动机许多数据集足够大,我们需要关注速度/效率。所以我本着这种精神提供这种解决方案。它恰好也很简洁。

For the sake of comparison, let's drop the index column

为了便于比较,让我们删除索引列

df = data_set.drop('index', 1)

Solution
I'll propose the use of zip and a comprehension

解决方案我会建议使用拉链和理解

list(zip(*[df[c].values.tolist() for c in df]))

[('2012-02-17', 24.75, 25.03),
 ('2012-02-16', 25.0, 25.07),
 ('2012-02-15', 24.99, 25.15),
 ('2012-02-14', 24.68, 25.05),
 ('2012-02-13', 24.62, 24.77),
 ('2012-02-10', 24.38, 24.61)]

It happens to also be flexible if we wanted to deal with a specific subset of columns. We'll assume the columns we've already displayed are the subset we want.

如果我们想要处理特定的列子集,它恰好也是灵活的。我们假设我们已经显示的列是我们想要的子集。

list(zip(*[df[c].values.tolist() for c in ['data_date', 'data_1', 'data_2']))

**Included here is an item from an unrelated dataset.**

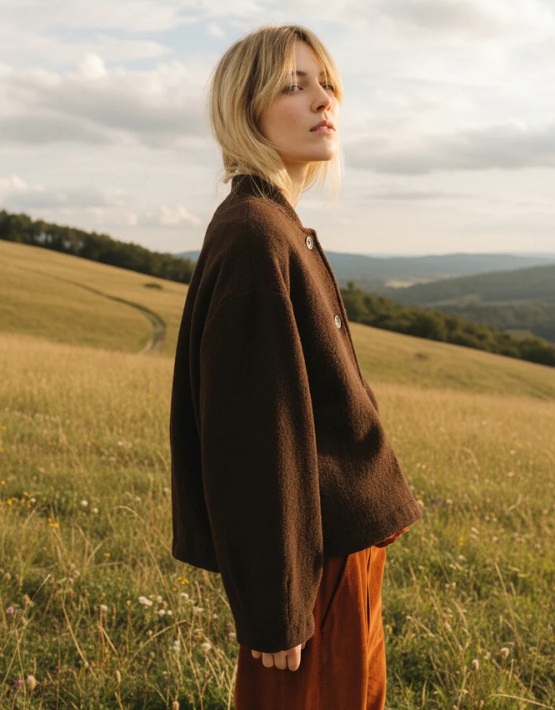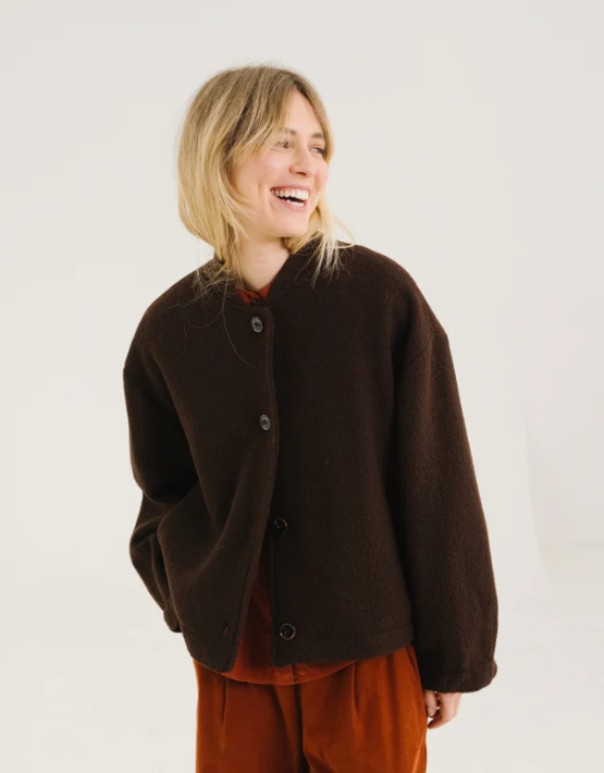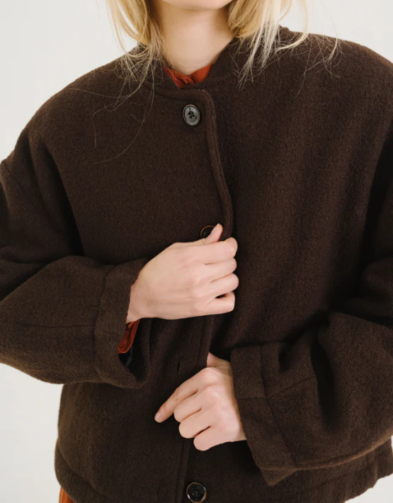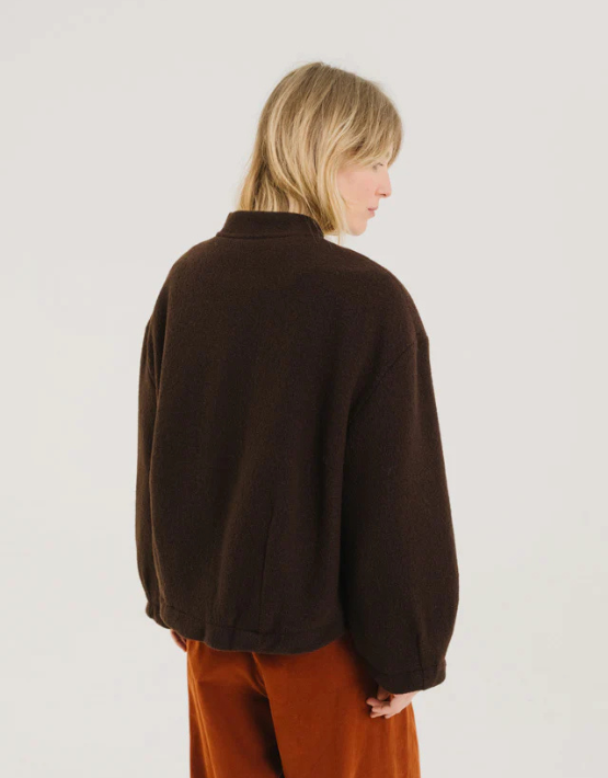 A modern take on the bomber, reimagined in rich boiled wool. The SACRECOEUR Jay Brownie Jacket comes in a deep chocolate marron and features a structured silhouette with wide pleated sleeves for added volume and comfort. Fully lined and finished with a round bomber-style collar, exposed buttons, and discreet in-seam pockets, it blends warmth with understated elegance.

[('2012-02-17', 24.75, 25.03),
 ('2012-02-16', 25.0, 25.07),
 ('2012-02-15', 24.99, 25.15),
 ('2012-02-14', 24.68, 25.05),
 ('2012-02-13', 24.62, 24.77),
 ('2012-02-10', 24.38, 24.61)]

All the following produce the same results

以下所有产生相同的结果

  • [tuple(x) for x in df.values]
  • [df.values中x的元组(x)]
  • df.to_records(index=False).tolist()
  • df.to_records(指数=假).tolist()
  • list(map(tuple,df.values))
  • 列表(图(元组,df.values))
  • list(map(tuple, df.itertuples(index=False)))
  • list(map(tuple,df.itertuples(index = False)))

What is quicker?
zip and comprehension is faster by a large margin

什么更快?拉链和理解速度更快

%timeit [tuple(x) for x in df.values]
%timeit list(map(tuple, df.itertuples(index=False)))
%timeit df.to_records(index=False).tolist()
%timeit list(map(tuple,df.values))
%timeit list(zip(*[df[c].values.tolist() for c in df]))

small data

小数据

10000 loops, best of 3: 55.7 µs per loop
1000 loops, best of 3: 596 µs per loop
10000 loops, best of 3: 38.2 µs per loop
10000 loops, best of 3: 54.3 µs per loop
100000 loops, best of 3: 12.9 µs per loop

large data

大数据

10 loops, best of 3: 58.8 ms per loop
10 loops, best of 3: 43.9 ms per loop
10 loops, best of 3: 29.3 ms per loop
10 loops, best of 3: 53.7 ms per loop
100 loops, best of 3: 6.09 ms per loop

#5


7  

Here's a vectorized approach (assuming the dataframe, data_set to be defined as df instead) that returns a list of tuples as shown:

这是一个矢量化方法(假设数据帧,data_set被定义为df),它返回一个元组列表,如下所示:

>>> df.set_index(['data_date'])[['data_1', 'data_2']].to_records().tolist()

produces:

生产:

[(datetime.datetime(2012, 2, 17, 0, 0), 24.75, 25.03),
 (datetime.datetime(2012, 2, 16, 0, 0), 25.0, 25.07),
 (datetime.datetime(2012, 2, 15, 0, 0), 24.99, 25.15),
 (datetime.datetime(2012, 2, 14, 0, 0), 24.68, 25.05),
 (datetime.datetime(2012, 2, 13, 0, 0), 24.62, 24.77),
 (datetime.datetime(2012, 2, 10, 0, 0), 24.38, 24.61)]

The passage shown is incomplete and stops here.